ILO Report Bewails Youth Unemployment and “Working Poverty”

Published on 31st October 2006

ADDIS ABABA (ILO News) – The number of young people aged 15 to 24 seeking jobs in sub-Saharan Africa continues to outpace the number of new jobs being created in the region, according to a new ILO report.

 

While the youth labour force in sub-Saharan Africa grew by 29.8 per cent, youth unemployment grew by 34.2 per cent in the region in the last ten years, according to “Global Employment Trends for Youth” published here today. At the same time, the youth labour force in North Africa and the Middle East grew by 32.2 per cent while youth unemployment grew by 18.2 per cent.

 

The regional figures follow the global trend in which the number of unemployed youth has risen by 14.8 per cent worldwide over the past decade to reach 85 million in 2005. What’s more, hundreds of millions more are stuck in working poverty, living on less than US$2 per day.

 

“Creating jobs for youth is not enough.” ILO Director-General Juan Somavia says. “Across the planet, youth are not only finding it difficult if not impossible to find jobs, but also they cannot find decent jobs…” 

 

The report also highlights the fact that since most youth in Africa cannot afford to be unemployed or inactive, they often wind up in the informal economy which provides the only outlet for those who are unable to find paid employment in the formal economy.

 

With 25.7 per cent, the regional unemployment rate was highest in North Africa and the Middle East, followed by non-EU states in Central and Eastern Europe at 19.9 per cent, and sub-Saharan Africa with 18.1 per cent, Latin America and the Caribbean (16.6 per cent), South-East Asia and the Pacific (15.8 per cent) and the developed economies and the European Union (13.1 per cent), South Asia (10 per cent) and East Asia (7.8 per cent). 

 

What’s more, these numbers only represent the tip of the iceberg.
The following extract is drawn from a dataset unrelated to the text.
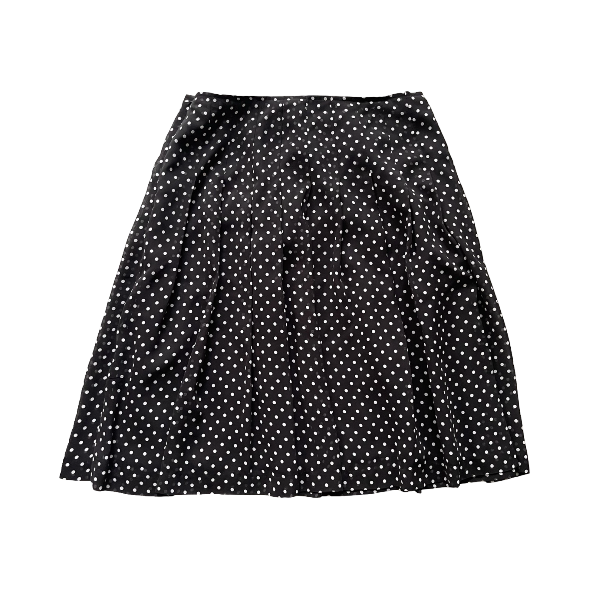 Black and white polka dot chiffon layered midi skirt with pleats and size zip.

According to the report, the numbers of youth finding a job but continuing to live in poverty is even more alarming. The report shows that more than 300 million young people worldwide, or one out of two working youth belong to the youth “working poor “ living with their families on less than US$2 per day, per person. 

 

The situation is worst in sub-Saharan Africa, the only region where the total number of young workers living on less than US$1 per day has constantly increased in the past decade, rising from 36 million in 1995 to 45 million in 2005. Nearly six out of 10 working youth in sub-Saharan Africa still live in extreme poverty and only one in ten earns enough to lift themselves and their families above the US$2 per day poverty level.

 

 Without adequate access to the labour market allowing a good start in professional life, young people are less likely to make the right choices to improve their employment perspectives and those of their future descendants, says the report, adding that this perpetuates the cycle of insufficient education, low-productivity employment and working poverty.

 

The potential in the youth labour market depends partly on the demand for labour in general and partly on the extent to which young people are able to integrate into labour markets when demand for labour increases. A key challenge for realizing decent work for African youth is, therefore, to create an enabling environment for employment-intensive growth while at the same time implementing policies and operational programmes to help young people overcome the specific disadvantages they face in entering and remaining in the labour market.  

 

The report therefore stresses the urgency of the Ministers’ and Heads of Delegations’ call at the High-Level Segment of the 2006 Substantive Session of the Economic and Social Council (ECOSOC) to “develop and implement strategies that give youth everywhere a real and equal opportunity to find full and productive employment and decent work.”